An official of the Mexican Postal Service couldn't help but reinforce the stereotype:
Carlos Caballero, assistant marketing director for the Mexican Postal Service, said the stamps are not offensive, nor were they intended to be.
"This is a traditional character that reflects part of Mexico's culture," Caballero said. "His mischievous nature is part of that character."
However, Penalosa said many Mexicans still assume all blacks are foreigners, despite the fact that at one point early in the Spanish colonial era, Africans outnumbered Spanish in Mexico.
Their own
little trickster bad chillun Other, and on stamps no less! I won't get into Mexico's complex and troubled racial history, which like every other nation in this hemisphere has included the marginalization and slaughter of Native peoples and the subsequent enslavement of Blacks (the two in particular were linked in Mexico's case because of Bartolomé de las Casas); one aspect of this history has been an enduring racism against its large indigenous Indian population, which has resulted in periodic flareups such as the war in Chiapas; a racism of a different but intense sort against its native Black population, which has long been presumed not to exist; and, among the White/European ruling élites, against the visibly mestizo majority, which is evident in Mexican-language media, politics, business circles, and so on.
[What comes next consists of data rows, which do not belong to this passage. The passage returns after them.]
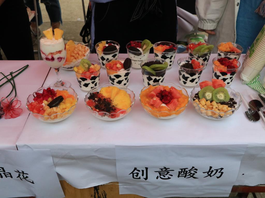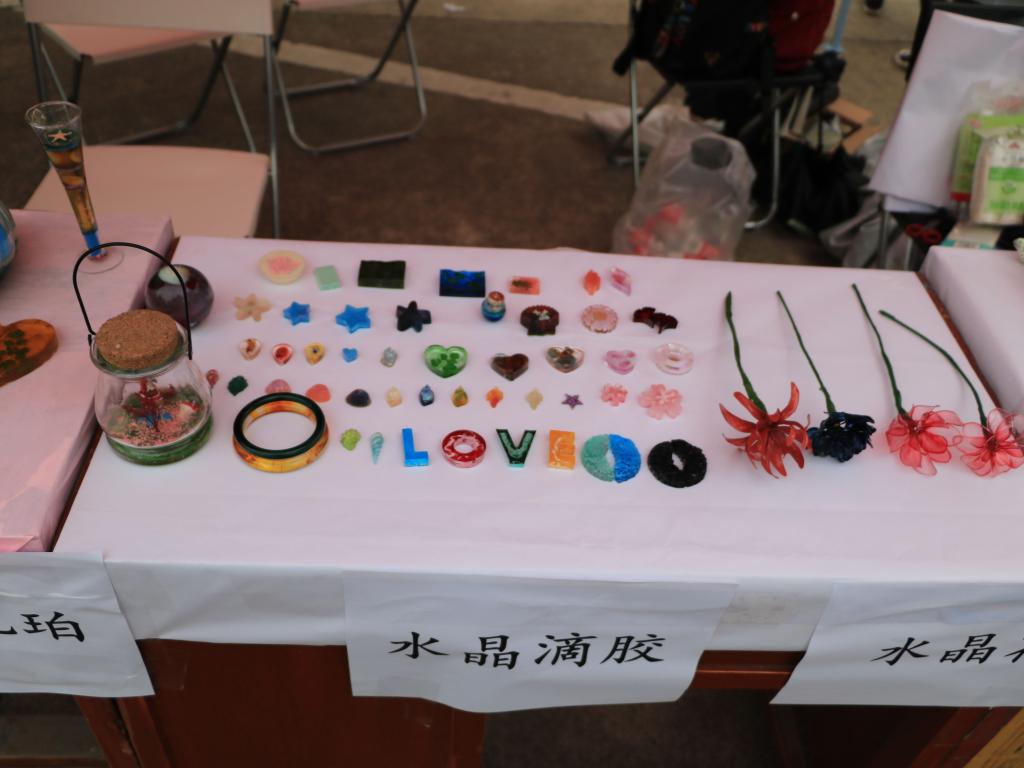 活动于下午一点半正式开始,各展区早已严阵以待,观众们也迫不及待地,进场参观,现场热闹的气氛充分体现了我校学子的青春活力。在生工学院的帐篷里,整齐摆放着由生工学院科技创新与创业的小伙伴们精心制作的精美的人工琥珀、漂亮的水晶花、独特的水晶滴胶、实用的叶脉书签,而对于吃货来说,最吸引人的是色味俱全的创意酸奶,活动刚开始,我院的展品很快吸引了观众们的目光,帐篷外都挤满了人,同学们对可口的酸奶赞不绝口。观赏过这些精美的展品后,同学们都表现出极大的好奇心,而专业人员则耐心的为同学们讲解这些展品的制作方法。轻工大学十二个院,每个院都展示出了自己独一无二的科技作品,体现出了轻工学子独特的创新魅力。除此之外,还有慷慨激昂的武术和豪放霸气的舞龙表演,悠扬动听的乐音及撩人心弦的舞蹈,当然更有饱含人文风情的艺术作品集……到场的观众无不积极参观,热情高涨,赞叹不绝。
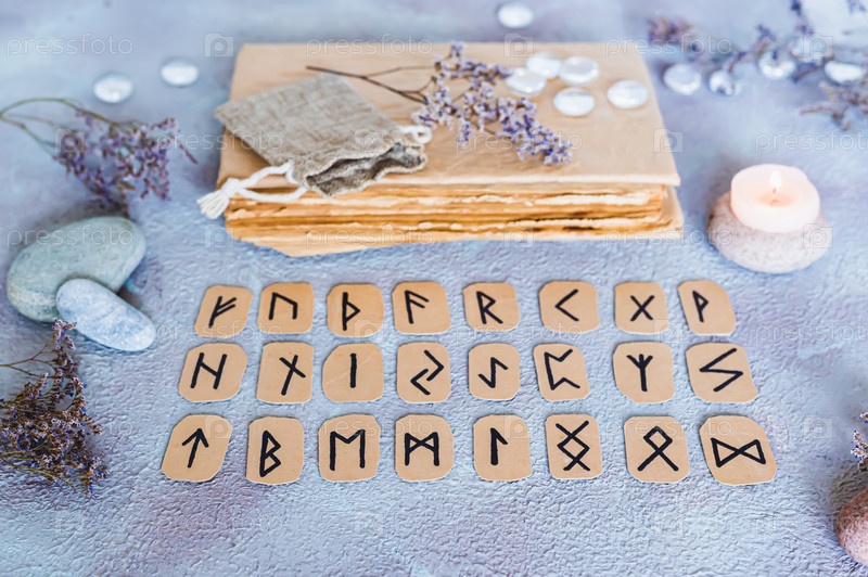 Скандинавские руны для гадания расположены в три ряда, на столе книга, камни и свеча
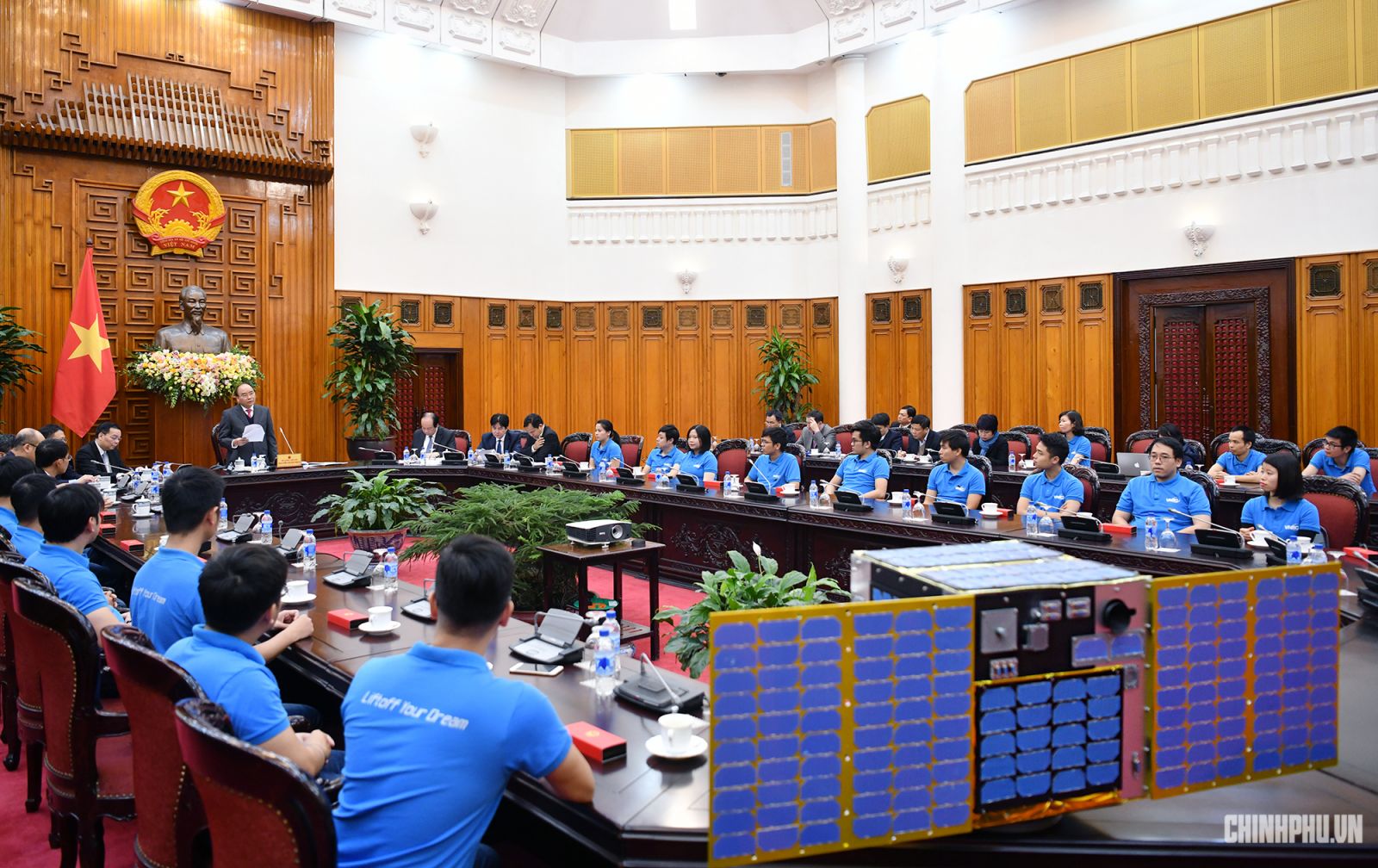 Ghi nhận các ý kiến tại cuộc gặp mặt, Thủ tướng khẳng định, Chính phủ sẽ tiếp tục tạo mọi điều kiện thuận lợi nhất để nuôi dưỡng và duy trì ngọn lửa đam mê, khát vọng nghiên cứu, sáng tạo và cống hiến của các nhà khoa học công nghệ vệ tinh trẻ để chúng ta có bước phát triển mới tốt hơn nữa trong công nghệ vũ trụ của Việt Nam. Thủ tướng cho biết, sẽ có chương trình, chính sách phát triển công nghệ vũ trụ, một lĩnh vực mới mẻ, non trẻ của Việt Nam, đặc biệt là đào tạo cán bộ.
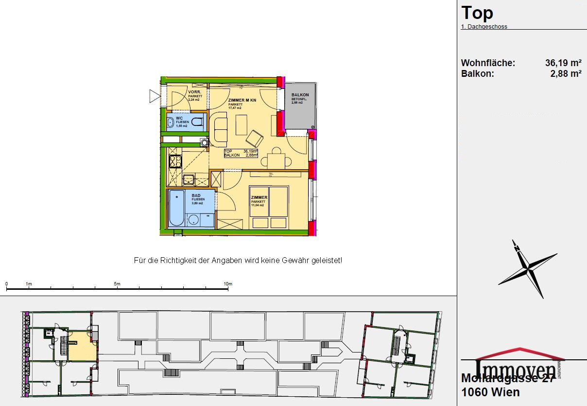 Die 2-Zimmerwohnung befindet sich im 1. Dachgeschoss (Lift vorhanden), bietet eine Nutzfläche von ca. 36 m² und einen Balkon.
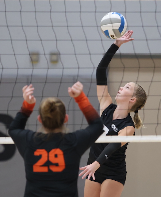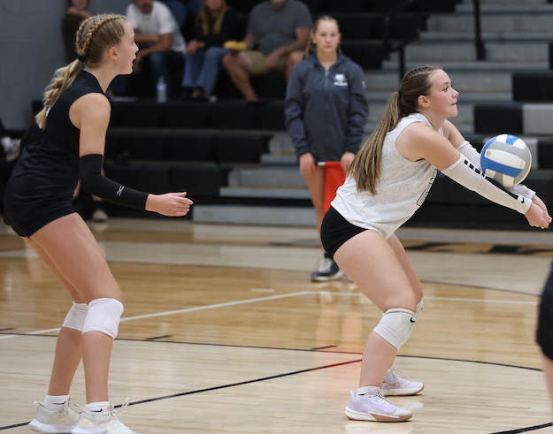 "Our setters Meg Wiles and Hannah Parrish) are running their butts off," said Darrow. "And, Ellie Mosher played incredible tonight, swinging away and playing all around. I'm very proud of her and the role she has taken on being just a sophomore."
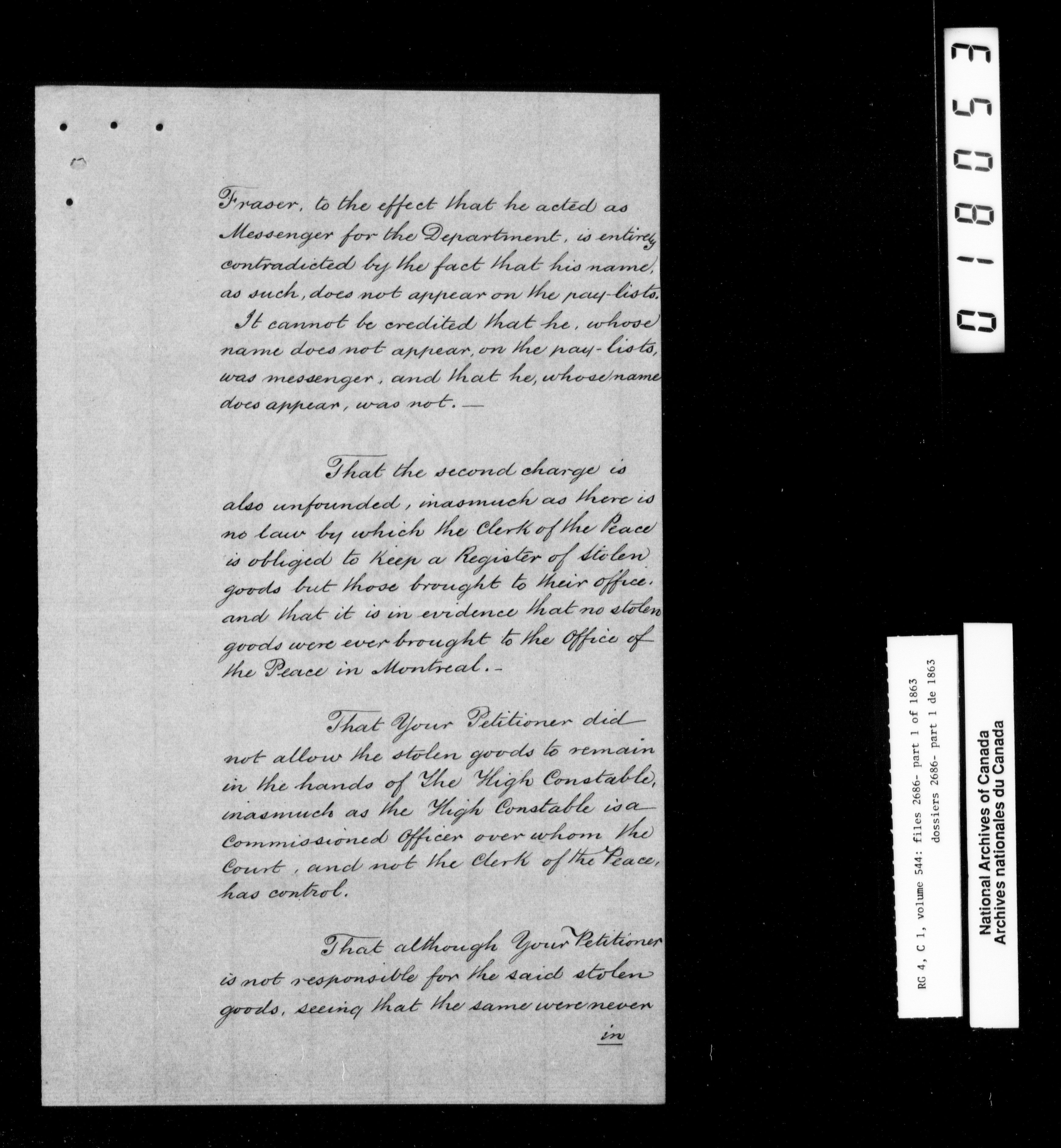 Canada East : Provincial Secretary numbered correspondence files, 1839-1867 - 2776
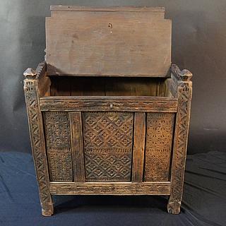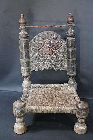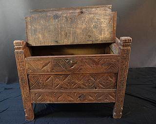 Timber was plentiful in the wooded mountains of the Hindu Kushvovered by Himalayan cedar trees. The culture of the Pathans in the upper Swat Valley was, until a few years ago, decidedly a 'culture of wood: mosques, houses and boxes, coffers, beds and everything, including the smallest spoon, was produced in wood. The most favoured timber was Himalayan cedar, because of its resilience, strength and its pleasant smell. Other commonly used woods are evergreen oak and walnut. Unlike their counterparts in neighbouring cultures the woodworkers in Swat valley, as in Nuristan, occupied a respectable middle position as craftsmen in the hierarchical Pathan society. Most of the skilled woodworkers and carvers are full-time craftsmen. According to Lühe, a specific division of labour has also developed. While coarse work (beams, boards, doors, etc.) were done by one group a second group specialised in turning the legs of beds, tables and chairs and the production of wooden vessels. A third group did the carving. Many of the motifs used in Swat Valley wood carving are derived from symbols whose roots can probably be traced back to prehistoric times. Two main reasons led to the disappearance of the "wood-culture". First the deforestation and second the fact that mountain villages moved down close to the tared main roads where the houses were built in concrete. Kalt reports that in 1988 they were no more skilled carvers in the villages he visited. All of Swat valley items have been bought during my two trips to the Swat valley in 2000 and 2003.

Related to these forms of racism is Mexico's guiding
mestizaje ideology, from which the Black "third root" has been almost completely erased and effaced in both official and popular discourse.

I will, however, broach the fact that when Lázaro Cárdenas (the son of Mexico's famous leftist leader Cuahtémoc Cárdenas, who was mayor of Mexico City and had the presidency stolen from under his feet by the notorious Carlos Salinas de Gortari in 1988, and the grandson of one of Mexico's greatest leftist and uncorruptible presidents, Lázaro Cárdenas) ran for the governorship of Michoacán State a few years ago, his opponent AlfredoAnaya viciously attacked him because Cárdenas married an Afro-Cuban woman. In fact, Anaya managed to conflate Blackness and foreignness in such a way as to claim that Mexicans--or Michoacanos in particular--wanted to be governed by "our own race, our own people," as though Cárdenas's marriage to a Black women rendered made him ontologically Black as well (racialization by association has a long history in the US, of course), and as though the Black presence in Mexico could only be (seen as) alien and foreign. Although Anaya lost--though by only five percentage points--it appears that his rhetoric was not so idiosyncratic but representative of a mindset, also clear in Fox's and other officials' comments, that is quite prevalent.
Dr. Bobby Vaughn and others are conducting fascinating research in Black Mexican communities, so as I did before, I'll direct you
here,
here or
here for more information. Also, UPI correspondent
Steve Sailor provides a basic run-through in his article "
Where Did Mexico's Blacks Go?" He notes that despite the long history of marginalization of Black Mexicans, attitudes are changing slowly, and a Black-oriented museum opened up in Guerrero State, which is named after Mexico's second President, who was an Afro-Mestizo.
But hey, let's get back to our little grinning inky boy-on-a-stamp:
Publisher Manelick De la Parra told the government news agency Notimex that the character would be sort of a goodwill ambassador on Mexican letters and postcards. "It seems nice if Memin can travel all over the world, spreading good news," de la Parra said, calling him "so charming, so affectionate, so wonderful, generous and friendly."
Irony, as they say, is utterly lost on some people. Many of them, too many, in fact.